There is mounting evidence of a link between the ability to repair DNA damage and not only the development of cancer, but also the response to therapy [14]. This is important for pediatric brain tumor patients as standard of care therapy involves DNA damaging agents such as radiation and chemotherapy. We hypothesized that somatic genetic variants in DNA repair genes may be associated with lower IQ scores in children treated for brain tumors. We genotyped 46 children who had been treated for a pediatric brain tumor and assessed whether SNP array profiles were associated with differences in IQ scores.

Materials and methods

Patient characteristics

Eligible patients had been previously treated for a brain tumor at Children’s Hospital Colorado and the University of Colorado Denver. Treatment included any combination of surgery, chemotherapy, and photon radiation therapy. We excluded children with known neurocognitive deficits prior to the initial diagnosis of the brain tumor. All children underwent IQ testing with the Wechsler Intelligence Scale for Children (WISC) as part of routine clinical follow-up. Our Institutional Review Board approved this study (COMIRB 08–0985) and patients were prospectively consented according to institutional standards. All patients who had consented to COMIRB 08–0985, had a successful blood sample collection, and had completed a full WISC evaluation with their neurocognitive evaluations before 2016 were included for analysis.

Laboratory methods

DNA was extracted from patient blood samples using the Qiagen DNAeasy kit, per kit instructions. The DNA was analyzed using a Human 660W-Quad v1.0 DNA analysis BeadChip (Illumina) per the Infinium HD assay protocol as previously published [15]. Data output identified alleles by A and B designations, which were then converted to corresponding nucleotides after statistical analysis for further comparison.

Statistical analysis

Continuous variables were summarized with mean and standard deviation (SD), if normally distributed. Comparisons by IQ group (< = 90 versus > 90) were performed using two-sample independent t-tests. An IQ of 90 was chosen as it’s the low end of the Wechsler Intelligence Scale for Children (WISC-V) IQ classification for “average” IQ [16]. If not normally distributed, continuous variables were summarized with median and interquartile range (IQR), and a Wilcoxon rank sum test was used to compare across IQ groups. Categorical variables were summarized with frequency and percentage, and comparisons were performed with a Chi-square or Fisher’s exact test.
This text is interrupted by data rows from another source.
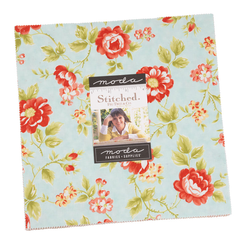 One of the things that I find the most inspirational and fulfilling about quilting is its connection to women of the past. I love to bring back the prints of another era so that we can all use and enjoy them in our favourite “fresh vintage” colours and palettes. For this collection, I was not only inspired by a few of my all-time favourite vintage prints from my collection but also thoughts and images of my sewing studio. My head swirled with pinked edges, tiny traditional stars, and stitch lines. And so, *Stitched* was born. Classic Fig Tree colours in soft muted tones of warm reds and aquas mixed with golden yellow, soft greens and taupes, harkening back to the palette of one of my much earlier lines, Whimsy. This collection makes me want to hide in my quilt room for days and days, and do nothing else but sew. Who is with me?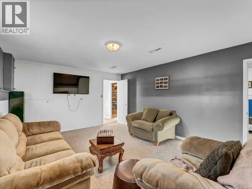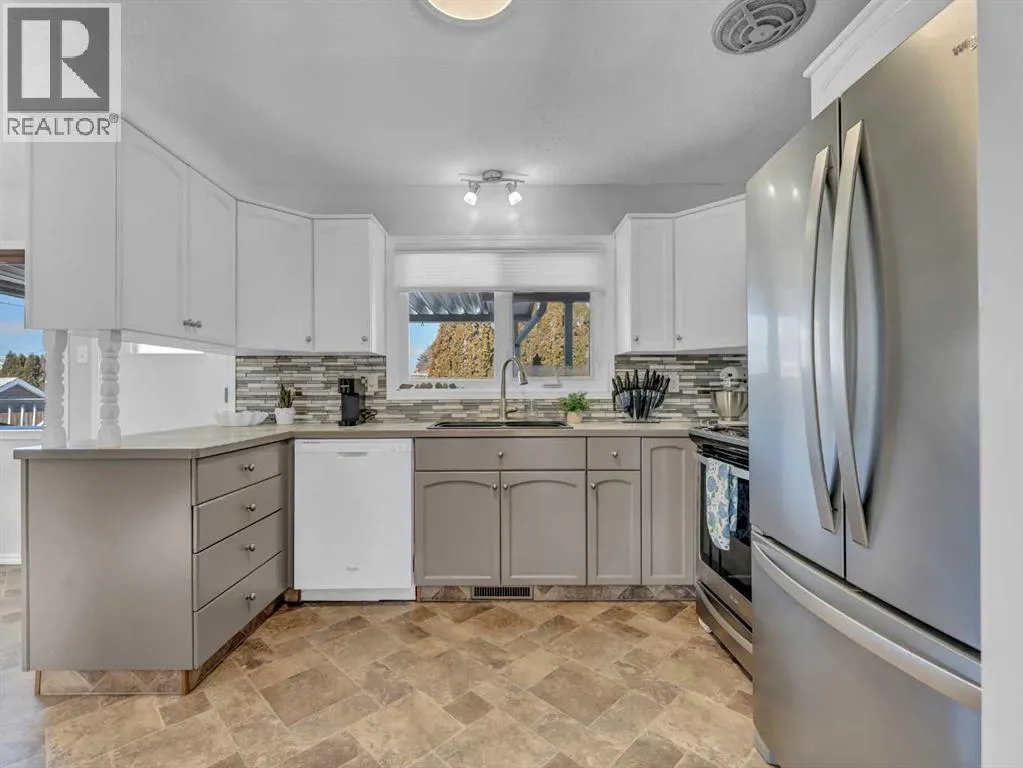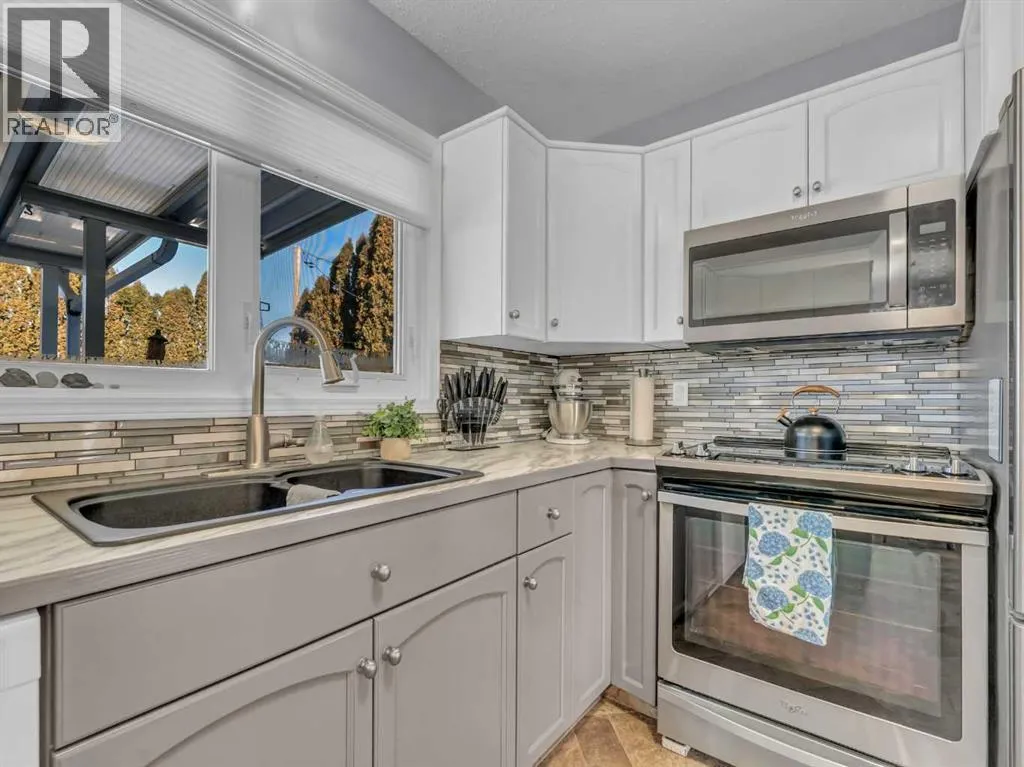 MOVE-IN READY family home in a highly desirable location, perfectly positioned with a greenbelt out front and a park directly behindâoffering privacy, views, and only one neighbouring property.From the moment you step inside, youâre welcomed by an abundance of natural light and a thoughtfully designed main floor that blends functionality with modern finishes. The spacious living room flows seamlessly into the dining area, creating an ideal space for everyday living and entertaining. A versatile flex room on the main floor adds exceptional valueâperfect for a home office, gym, reading nook, or playroom.The kitchen is both stylish and practical, featuring well-appointed cabinetry, pull-out pantry storage, and ample counter space. Large windows in the kitchen and dining area overlook the beautifully maintained backyard and park beyond, bringing the outdoors in. Step directly from the dining room onto the generous covered deckâideal for relaxing or hosting guests. The backyard also offers convenient RV parking with alley access.The main floor is complete with two well-sized bedrooms and a full 4-piece bathroom.Downstairs, the fully developed basement expands your living space with a large bedroom currently used as the primary retreat, complete with a walk-in closet. The spacious family room is perfect for gatherings, movie nights, or entertaining. An additional bedroom, a 3-piece bathroom, and abundant storage complete the lower level.Additional features include an attached garage and a rare setting with a park behind and alley access, enhancing both privacy and convenience.A true turnkey property in todayâs marketâthis home is ready for its next owners to move in and enjoy. Book your showing today. (id:27476)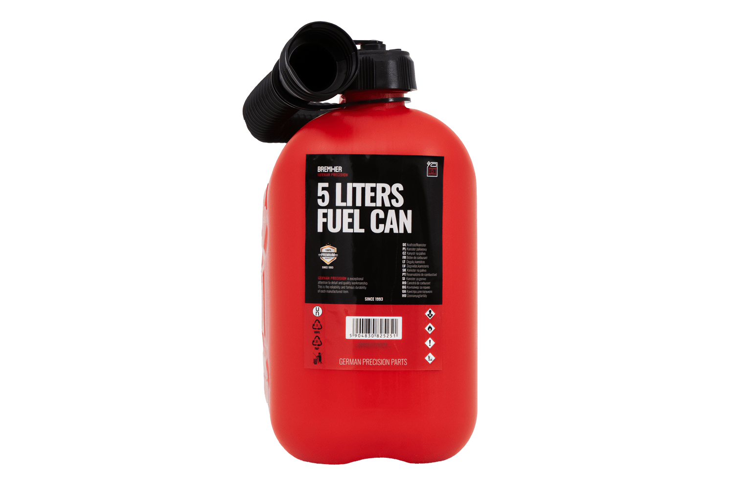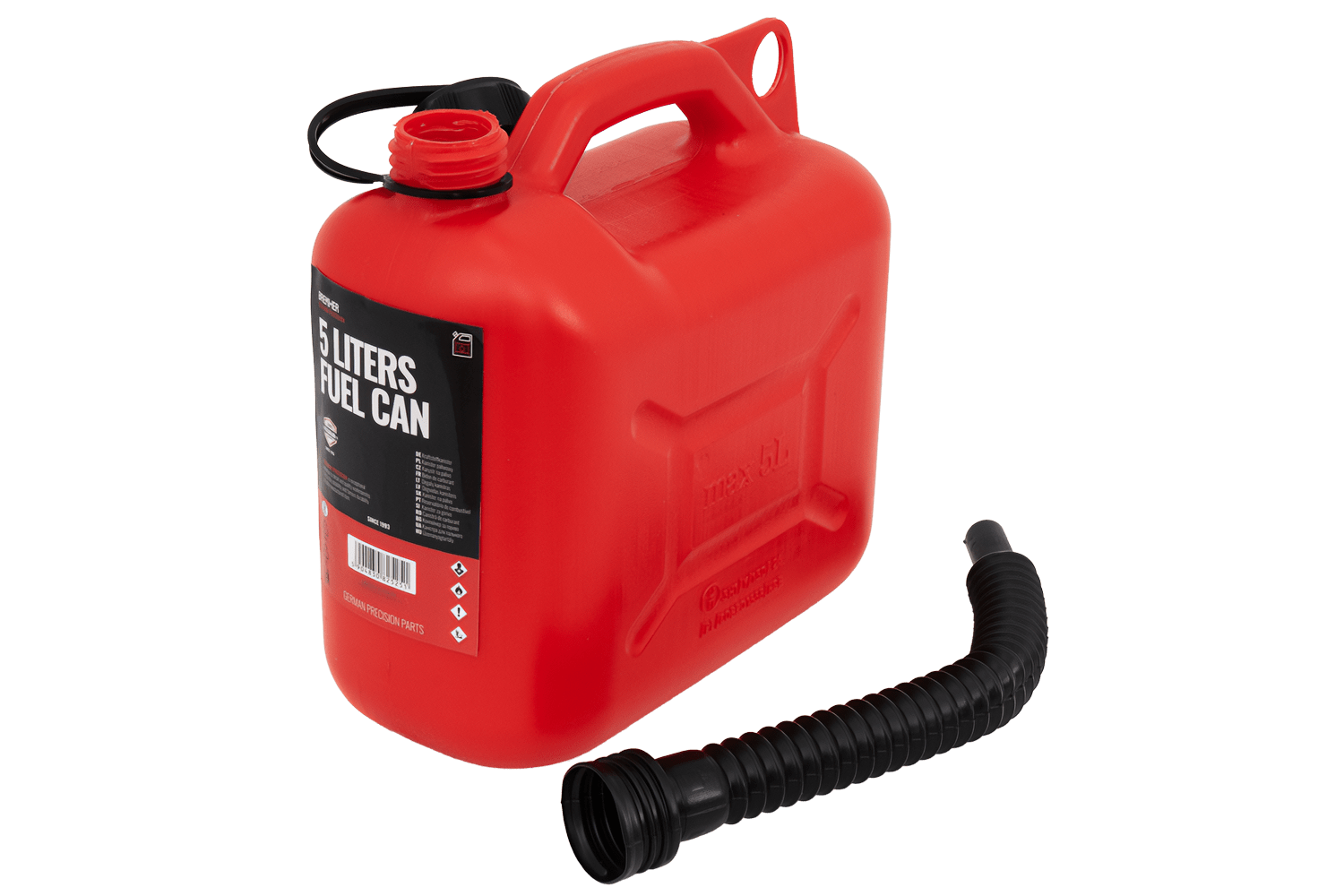 Este bidón de plástico de 5 litros está fabricado con HDPE de alta calidad, resistente a daños mecánicos y productos químicos. Cuenta con un asa ergonómica para facilitar su transporte y un embudo flexible que se enrosca para verter con comodidad y precisión sin derrames.

Data cleaning There were 47 patients in the original dataset. This contained serial IQ test results and basic clinical information such as age, sex, diagnosis, radiation, and treatment details. One patient was unable to be linked to the SNP dataset so was removed from the final analysis. There were originally 732 unique SNPS whereby each SNP was categorized into AA versus other (AB, BB, NC), but 118 SNPS only had either all AA or all other so were removed from the final analysis leaving 614 for analysis.

Most recent IQ outcome For each of the 614 SNPs, a series of linear regression models were fit. For each SNP, a model with the outcome of most recent IQ, predictors of allele (AA vs. others) and radiation type (CSI vs. focal), and an interaction between allele and radiation type was fit. If the interaction term was significant (p < 0.05), then that model was reported. If not, then the interaction was removed.

Change in IQ outcome Only 24 patients who had at least 2 serial IQ measurements were used for analysis. Forty-nine SNPs were not included because they only had a single allele in this sub-population. Using the resulting 565 SNPs, the same series of linear regression models were fit, except each model used the change in IQ (most recent—next recent) as the outcome, and predictors of allele, radiation type, next recent IQ score, and the time between the two IQ measurements. The same decisions were made with the interactions between allele and radiation type.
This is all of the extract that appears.